**Requirement:**
Please make an exact copy of the lines from the one holding "Unicorn Shape Case" through the end of the data, both ends included, with no pictures.

Segment Start: Recorded information

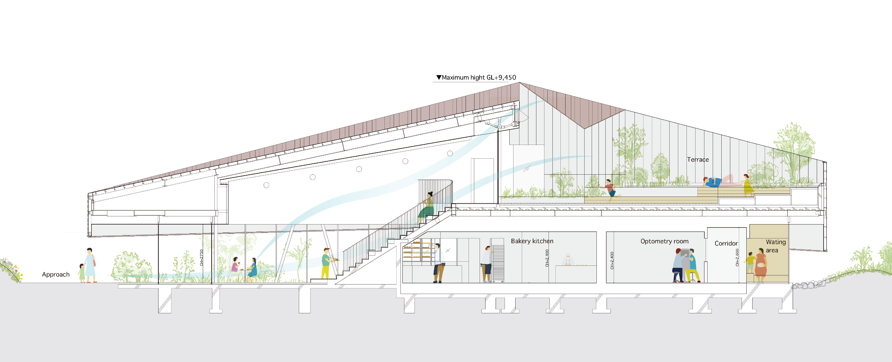 We began by reversing the typical layout of roadside stores, with a parking lot located in front, and instead located the parking lot behind the building. The landscaped approach and front garden lead through the building to a second-floor terrace, creating an interlinked, three-dimensional spatial experience. In stores of this type, the second floor is typically not open to customers. By utilizing it as a terrace and also including a bakery-cafe in the store, we proactively created public spaces that are not part of the sales floor, which encourages community members to come for reasons other than shopping.
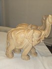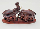 Vintage Carved Wood Elephant Figurine Statue Of Two Elephants
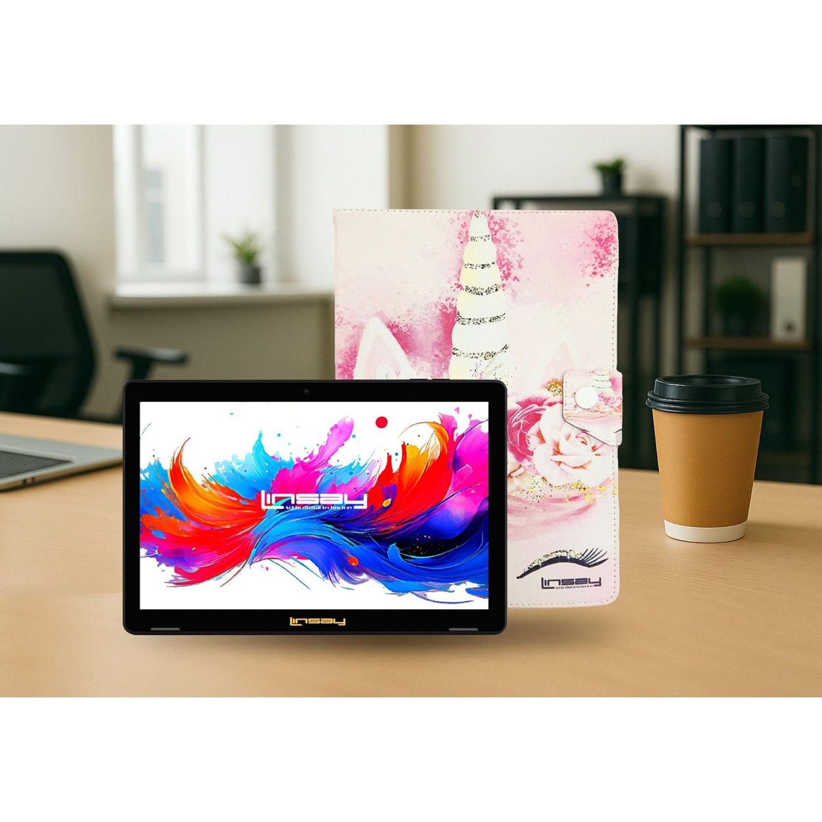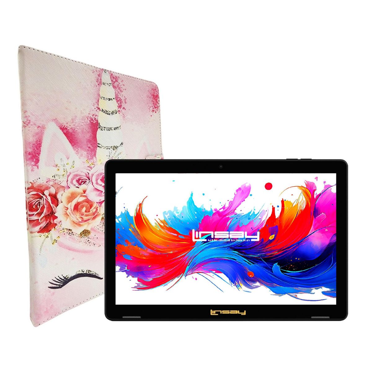 LINSAY 10.1"Octa Core 256GB Storage Android 15 Tablet with Unicorn Shape Case
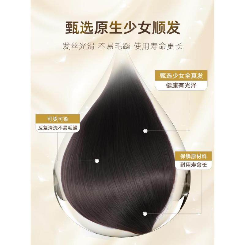 假发女长发自然全头套式真发全真人发轻薄无痕高端整顶锁骨假发套
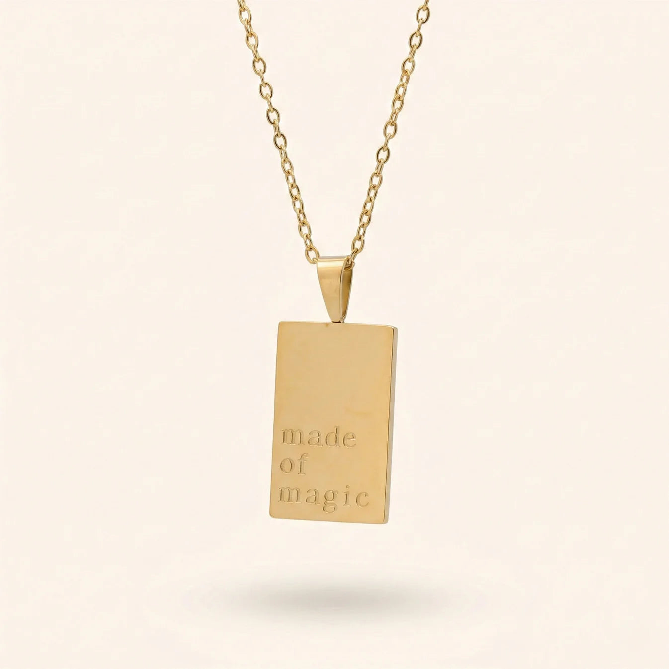 Radiate everyday enchantment with this sleek 18k gold bonded "Made of Magic" pendant. This hypoallergenic, tarnish-resistant statement piece is the ultimate daily reminder of your inner power and worth.
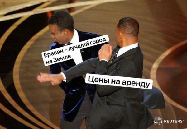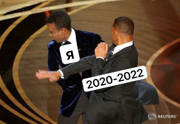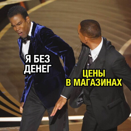 В соцсетях фотография, сделанная сразу после того, как Смит ударил Рока, разошлась на мемы. Пользователи сравнили удар с шоком от новостей в 2022 году и неожиданным резким повышением цен.
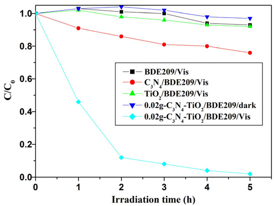Temporal curves of the degradation of BDE209 under different conditions. BDE209: 1.0 × 10−5 mol/L; 0.02-g-C3N4-TiO2: 1 mg/mL; solvent: CH3OH; wavelength >420 nm; anoxic condition.
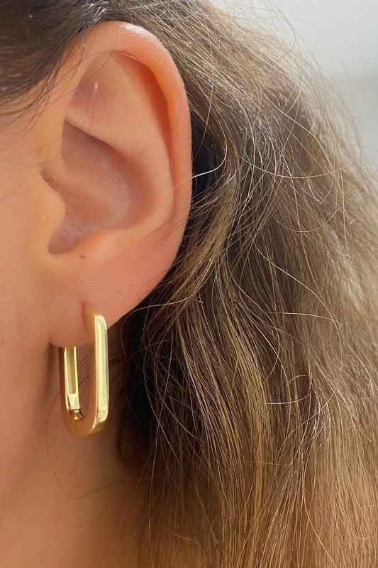 Taşsız Köşeli Dikdörtgen Gümüş Halka Küpe

Segment End: Recorded information

**Finished exercise:**
 LINSAY 10.1"Octa Core 256GB Storage Android 15 Tablet with Unicorn Shape Case
 假发女长发自然全头套式真发全真人发轻薄无痕高端整顶锁骨假发套
 Radiate everyday enchantment with this sleek 18k gold bonded "Made of Magic" pendant. This hypoallergenic, tarnish-resistant statement piece is the ultimate daily reminder of your inner power and worth.
 В соцсетях фотография, сделанная сразу после того, как Смит ударил Рока, разошлась на мемы. Пользователи сравнили удар с шоком от новостей в 2022 году и неожиданным резким повышением цен.
Temporal curves of the degradation of BDE209 under different conditions. BDE209: 1.0 × 10−5 mol/L; 0.02-g-C3N4-TiO2: 1 mg/mL; solvent: CH3OH; wavelength >420 nm; anoxic condition.
 Taşsız Köşeli Dikdörtgen Gümüş Halka Küpe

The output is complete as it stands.